Monday, July 16, 2012

pathetic. (mix tape)


Last week, my boss sent me this from his cellphone -- they were on the "impulse buy" shelf in Marc's in Berea.

My reaction was $6.29? For real, $6.29??? Those aren't on the "dollar" shelf?

Those are crap tapes, too. 'Normal Bias.' Those are for recording lectures with in a class through which you intend to sleep.

My attic is slowly but surely becoming denuded of cassettes. The problem is not the factory-produced albums on cassette. In spite of the hipster boom-box revolution, I have tried and failed to sell even the rarer items on hand -- unique "Not-For-Resale" radio interviews with Elvis Costello lifted from WXTQ, a hard-cased soundtrack to The Magic Christian, doesn't matter -- no one will spring for them on eBay or anywhere else.


 If I see this graphic one more time I am having everyone born between 1961 and 1981 murdered.

No, throwing all those away are easy. It goes without saying that every Maxell or Memorex with entire albums dumped onto it went first. No, they aren't the problem. It's all the mix tapes.

I am not going to revisit the emotional attachment to mix tapes that Nick Hornby did so successfully in High Fidelity (the book, not the movie, you philistine) suffice to say, yes, they each hold significant memories. They were each made at a significant time in my life, probably a depressing time in my life, because when you are happy you do not have time to cue up vinyl or a CD, start recording at the right point (listen to the previous track, crank the volume until the very last sound fades away, stop, eject, quarter turn back with you pinky, return to deck, hit record a breath before staring the next track) and wait until the song is over, in real time.

Mix discs created on iTunes are easy. No wonder they're all disjointed, thoughtless and awful. But then, you don't have to listen to a disc all the way through the way you have to with a cassette.

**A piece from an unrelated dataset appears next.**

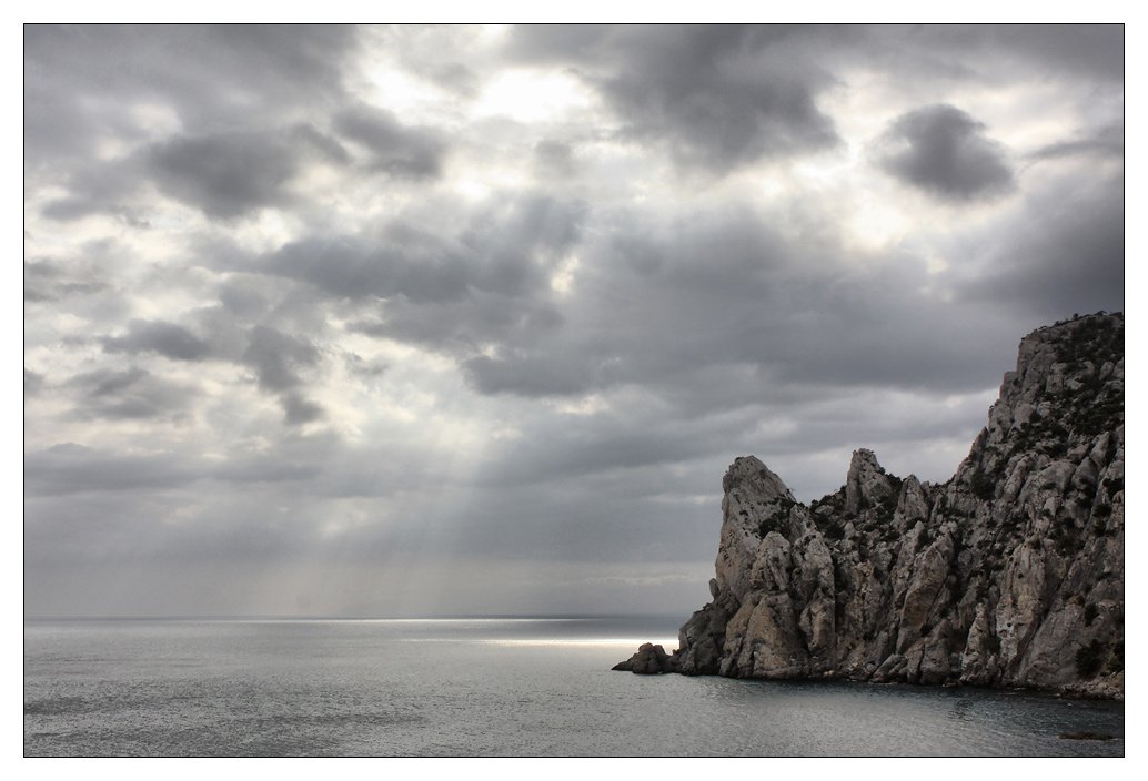 Наскільки я пам'ятаю, ТЗ на перешийку м. Капчик, і нижче в кадрі була б лише вода, а тут акцент на небі з променями і все цікаве знизу і так попало в кадр. Ну і мені просто подобається мало низу і багато верху. :)

Recently I rediscovered the best mix tapes I ever made, ever. Three cassettes on a similar theme -- hating myself, and fucking.


pathetic. (1993)

The first -- pathetic. -- had a purpose. I tried to think of every song that made me feel like biting my pillow. Almost every single one had something to do with a woman from my past, or a man. The fact that I felt the urge to compose the ultimate self-loathing cassette a scant three months after I had just gotten married was probably not a good sign.



really pathetic. (1994)

The followup -- really pathetic. -- was not just more of the same. Many more of these were recent releases, specifically reflecting the state of my marriage. We were each searching for happiness outside the home (did I put that politely enough?) and speaking just for myself, I was in therapy, miserable, and feeling reckless. And yet there is Wham! on this, so I was still kind of a pussy.


pathetic and sad. (1995)

Having made the first, I had not intended to make a second. After the second, I did not imagine the third -- pathetic and sad. -- would be the last, nor that it would sound like this. Marriage over, a startling new relationship begun, these are the songs that made me think, "I'm sorry." But not to my ex-wife, nor any of those other women. I was apologizing to me.